Proving Integrals and Series: A Generalization?

[amcavoy]

I need to prove the following:

\int_{0}^1\int_{0}^1\int_{0}^1\frac{1}{1-xyz}dxdydz=\sum_{n=1}^{\infty}\frac{1}{n^3}

Or, as a generalization:

\int_{0}^1\cdots\int_{0}^1\frac{1}{1-\prod_{k=1}^mx_k}\prod_{k=1}^mdx_k=\sum_{n=1}^{\infty}\frac{1}{n^m}

...if there is such a generalization.

I don't know where to begin, any suggestions?

Thanks a lot for your help.

 

[MalleusScientiarum]

You can make a Taylor expansion of the denominator since it is convergent for every point in the domain of integration.

 

[amcavoy]

Alright, a friend showed me how to do this for m=3. Does this work?

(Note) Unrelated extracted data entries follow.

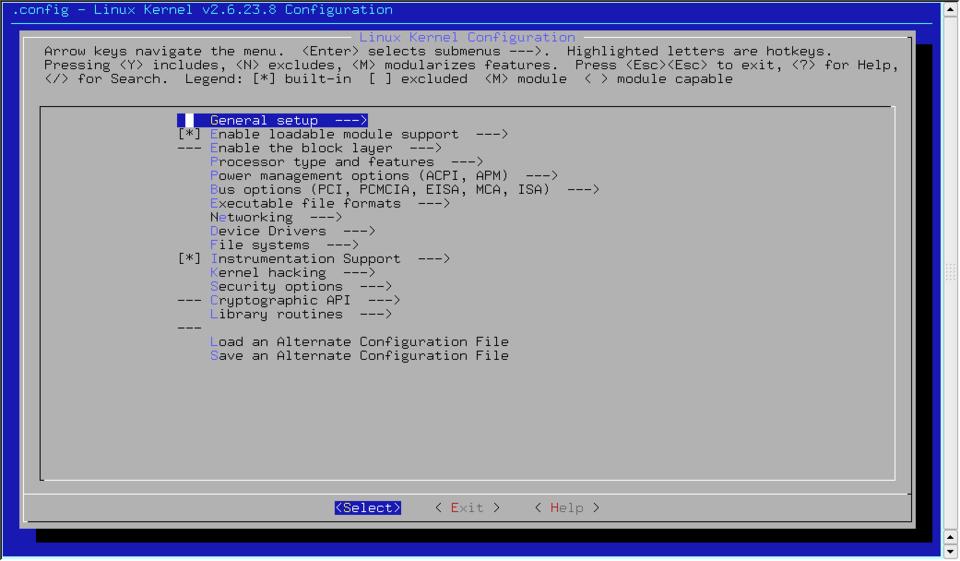 Figure 1. make menuconfig provides a console-like way to select kernel options.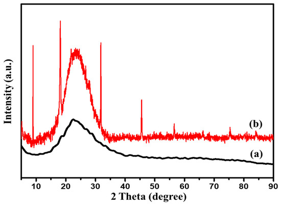 In order to investigate the crystalline nature of the modified perlite, the X-ray diffraction pattern of NbCl5/perlite is given Figure 2b, along with pure perlite (Figure 2a) for comparison. The broad peak at the 2θ value of 26° indicated the amorphous nature of perlite (Figure 2). The XRD pattern of NbCl5/perlite (Figure 2b) is almost comparable with pure perlite, and the additional peaks at the 2θ values of 8.9°, 18.1°, 31.7°, 45.5° and 56.5° that are attributed to Nb [32,33] (partial oxidation of NbCl5 into its oxides form) reveal the successful immobilization of NbCl5 onto the perlite surface.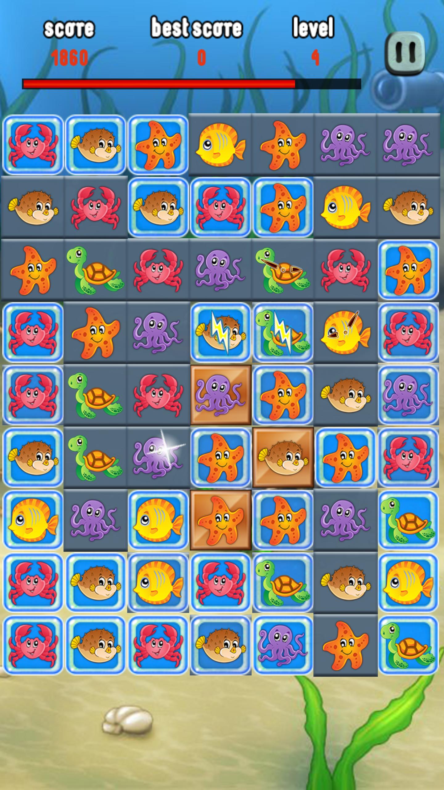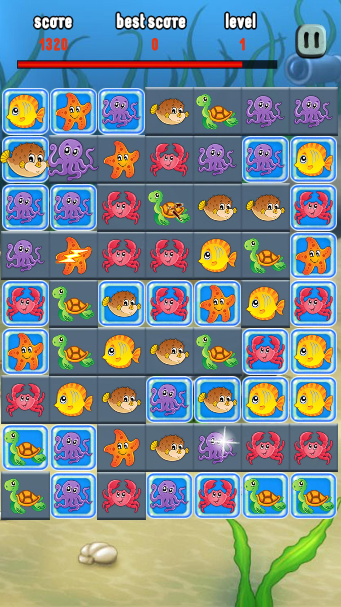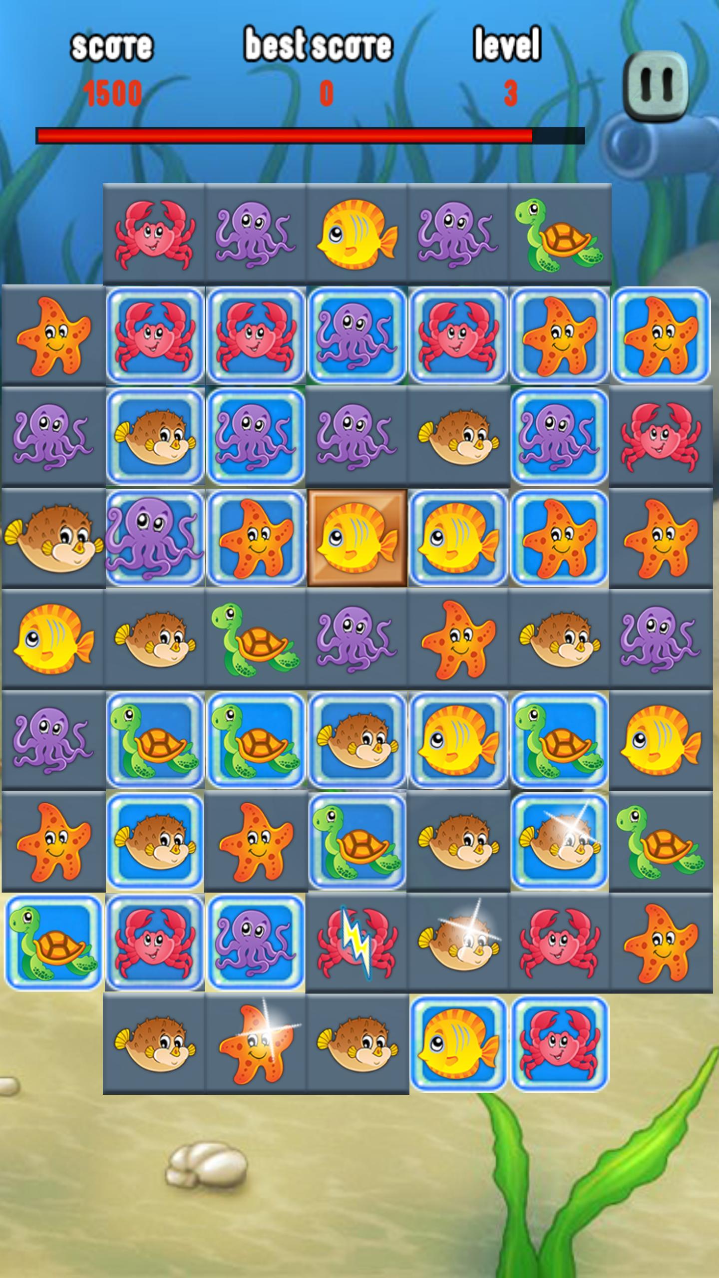 Tauchen Sie in die Meereswelt ein, wo Sie ein lustiges Meeresleben warten. Machen Sie Kombinationen von drei oder mehr Meerestieren. Ihr Ziel - in kurzer Zeit, um maximale Punkte zu erzielen und zum nächsten Level vorzusteigen.

\sum_{n=1}^{\infty}\frac{1}{n^3}=\sum_{n=0}^{\infty}\frac{1}{(n+1)^3}

and since \int_{0}^1x^kdx=\frac{1}{k+1}, the sum can be rewritten as follows:

\sum_{n=0}^{\infty}\frac{1}{(n+1)^3}=\sum_{n=0}^{\infty}\int_{0}^1\int_{0}^1\int_{0}^1(xyz)^kdxdydz=\int_{0}^1\int_{0}^1\int_{0}^1\frac{1}{1-xyz}dxdydz.

This works? Or, is the proof more in-depth? I would like to know whether the needs to be a justification for evaluating the outside sum first.

Thanks again.